We’ve been waiting for a follow up to his first album – if Play God isn’t on your morning music playlist it rocks!
His latest release, Hold Out is lighter then his previous tracks as it unpacks a night out on the town of basic escapism which he sees right through in the philosophical observational lense we’ve known him to have.
Catchy riffs and mellow vocals charge this track reminding us of Arctic Monkeys and Kasabian. It’s a nice change from the reproduced styles / artists currently on the charts that are often just repackaged.
“We nearly released Hold Out as a single a while back. It used to be a staple in our live set when the band first got together, and I’ve always been really fond of it. It’s about going out on the lash back home which was really just a form of escape. This is going to be the last tune we put out there of the Hypersonic Missiles era. I hope you like it as much as I do.”
Whilst Hold Out doesn’t signal the start of a second album campaign, it acts as another fine statement of intent for Fender, who had already mapped out the skeletal frame of a second album before his number 1 selling debut was released last year. His rapid rise due to his unique storytelling and subject matter covered in his music.
From White Privilege speaking to the younger generation when it comes to Brexit and mental health awareness in Dead Boys, he brings messages that break the mould in his genre.
Hypersonic Missiles was released to widespread acclaim, declared as a new British artist with an innate ear for melody and a sharp way with his words that reflected street-level observations with global ambition. It’s often rare for an acclaimed record to return solid sales too, but Hypersonic Missiles debuted at number 1 and has since sold in excess of 100,000 copies. An important, noteworthy release for 2019.
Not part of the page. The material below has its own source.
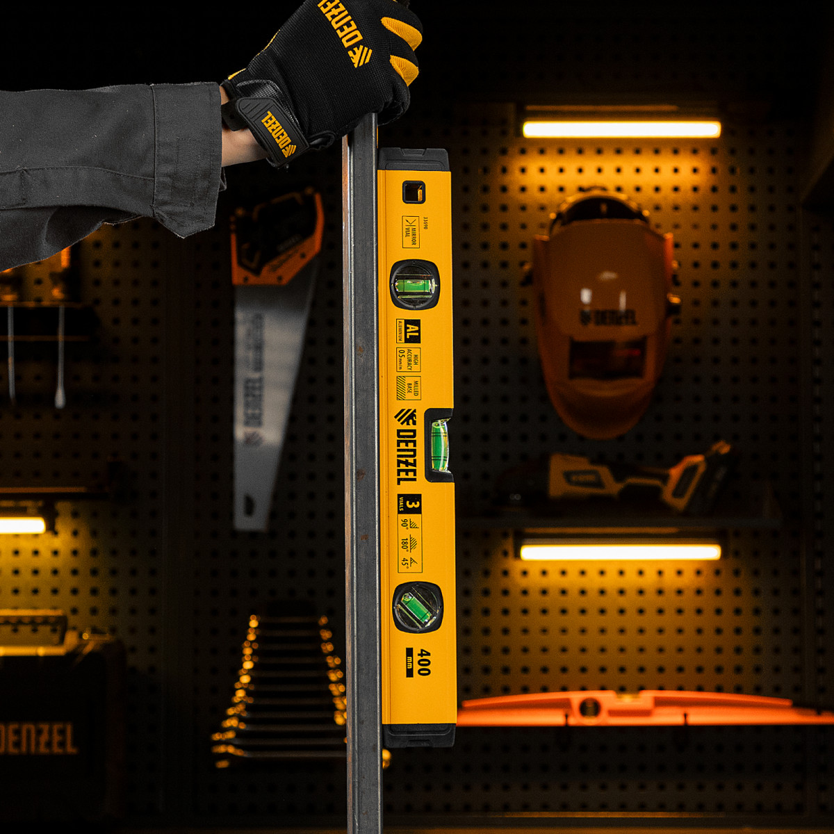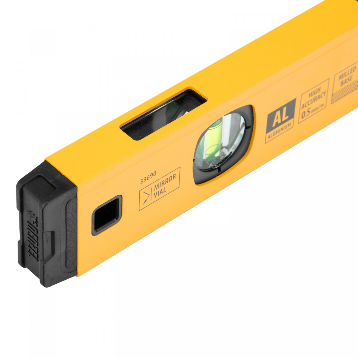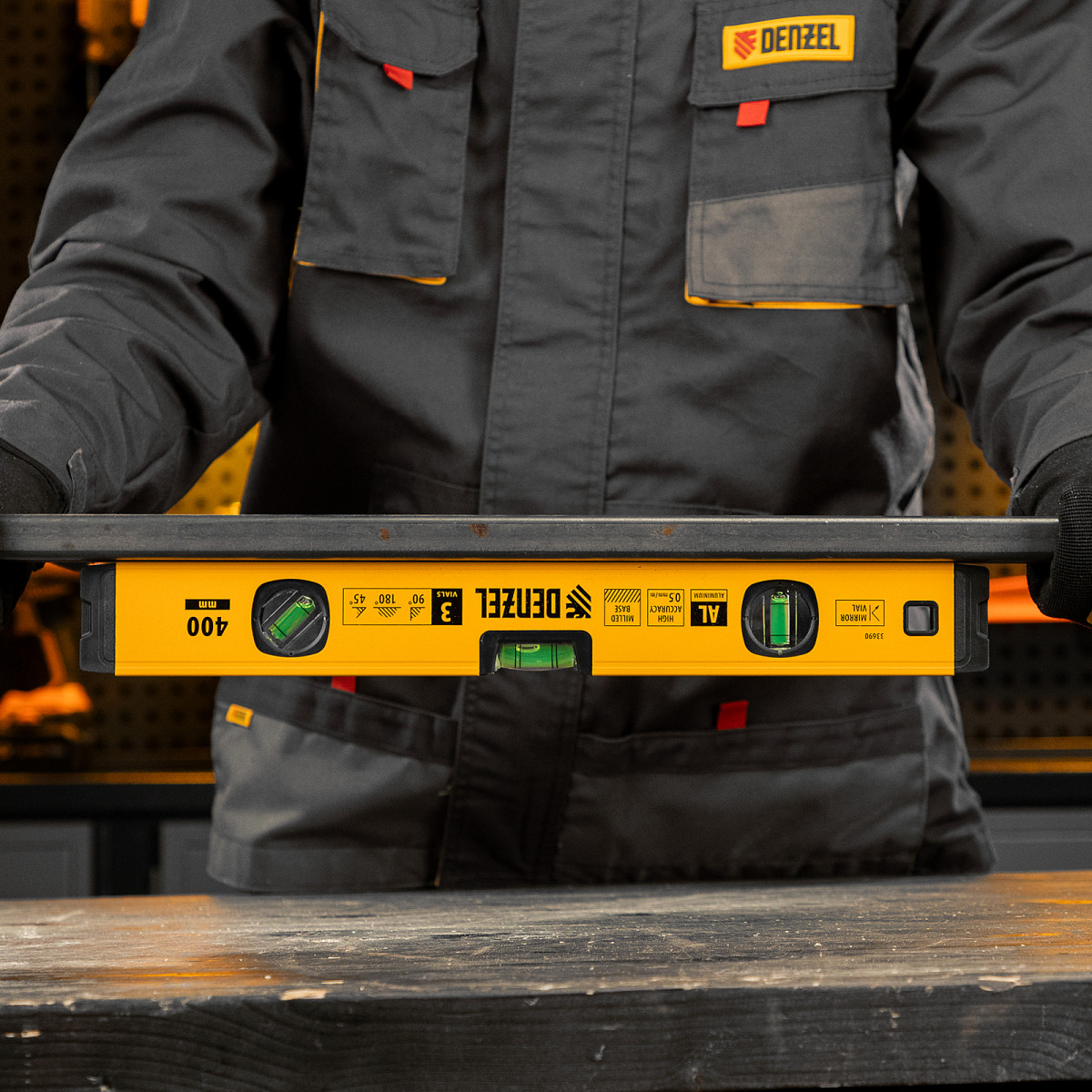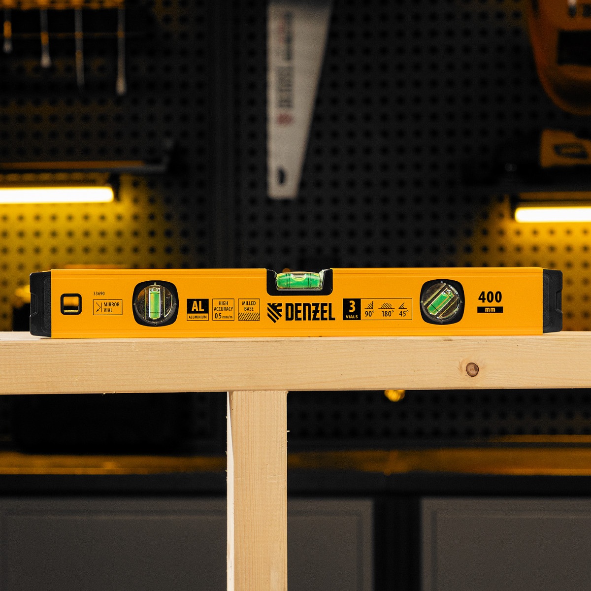 Уровень алюминиевый, магнит., фрезерованный, 3 глазка (1 зеркал.) 0,5 мм/м, 400 мм Denzel

2020 commences similarly to 2019, with Sam preparing for the BRIT Awards later this month. He follows last year’s Critics’ Choice Award with a nomination this year for Best New Artist. That’s preceded by the return of the NME Awards, where Sam finds himself similarly jousting for the Best New British Act category and the Best New Act In The World too.
For an otherwise celebratory year, an unfortunate and frustrating bout of ill health pushed back a handful of sold-out UK live dates late last year, with the rescheduled shows now fixed, including two nights of the four at Newcastle’s O2 Academy. The remaining night at Brixton Academy now lands after his Spring tour and his sold out shows at Alexandra Palace.